> _Source data_:
== Segment start ==

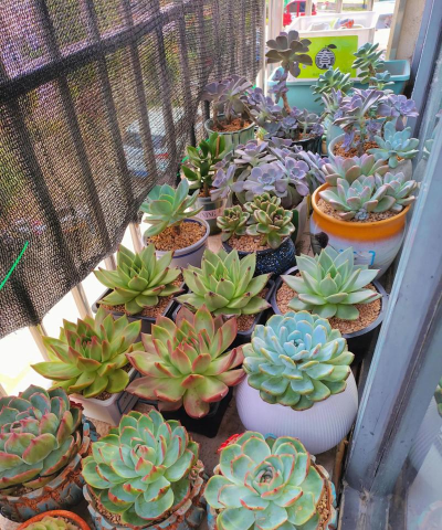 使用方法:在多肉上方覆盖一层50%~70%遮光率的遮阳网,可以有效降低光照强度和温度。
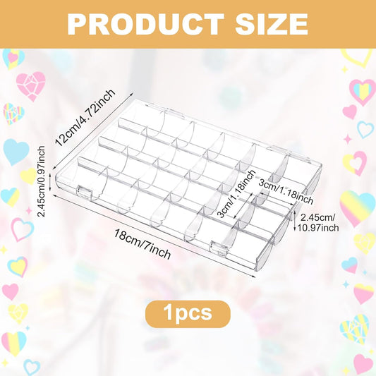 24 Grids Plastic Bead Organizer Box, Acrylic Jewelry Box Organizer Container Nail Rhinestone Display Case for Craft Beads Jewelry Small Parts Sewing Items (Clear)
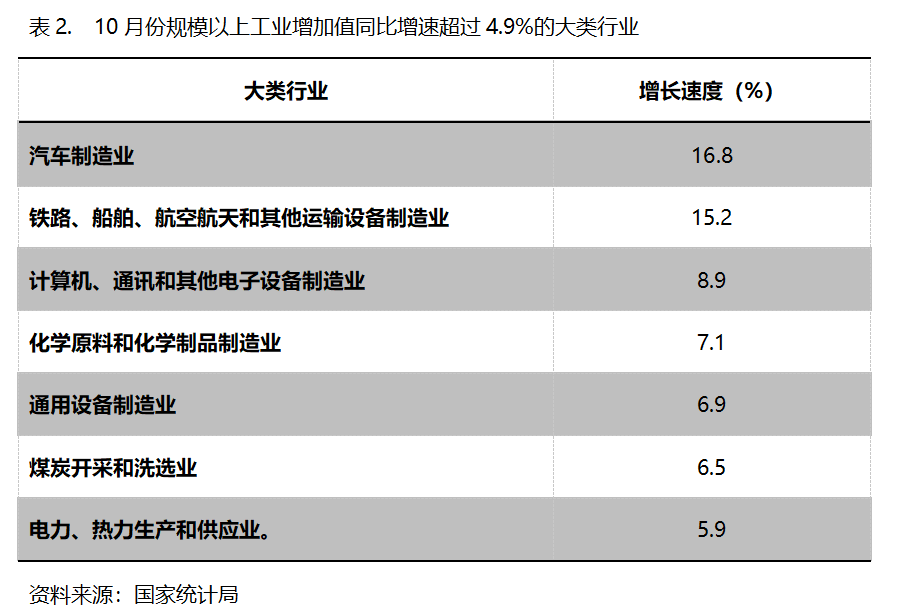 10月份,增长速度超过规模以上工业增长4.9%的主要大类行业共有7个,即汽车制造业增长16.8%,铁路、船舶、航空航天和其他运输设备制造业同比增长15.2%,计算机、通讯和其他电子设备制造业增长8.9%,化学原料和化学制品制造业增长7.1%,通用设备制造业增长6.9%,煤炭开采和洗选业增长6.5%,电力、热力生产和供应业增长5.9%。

== Segment end ==

> _Description of the task_: Without the pictures, repeat the listing above exactly.

> _Result of this exercise_:
 使用方法:在多肉上方覆盖一层50%~70%遮光率的遮阳网,可以有效降低光照强度和温度。
 24 Grids Plastic Bead Organizer Box, Acrylic Jewelry Box Organizer Container Nail Rhinestone Display Case for Craft Beads Jewelry Small Parts Sewing Items (Clear)
 10月份,增长速度超过规模以上工业增长4.9%的主要大类行业共有7个,即汽车制造业增长16.8%,铁路、船舶、航空航天和其他运输设备制造业同比增长15.2%,计算机、通讯和其他电子设备制造业增长8.9%,化学原料和化学制品制造业增长7.1%,通用设备制造业增长6.9%,煤炭开采和洗选业增长6.5%,电力、热力生产和供应业增长5.9%。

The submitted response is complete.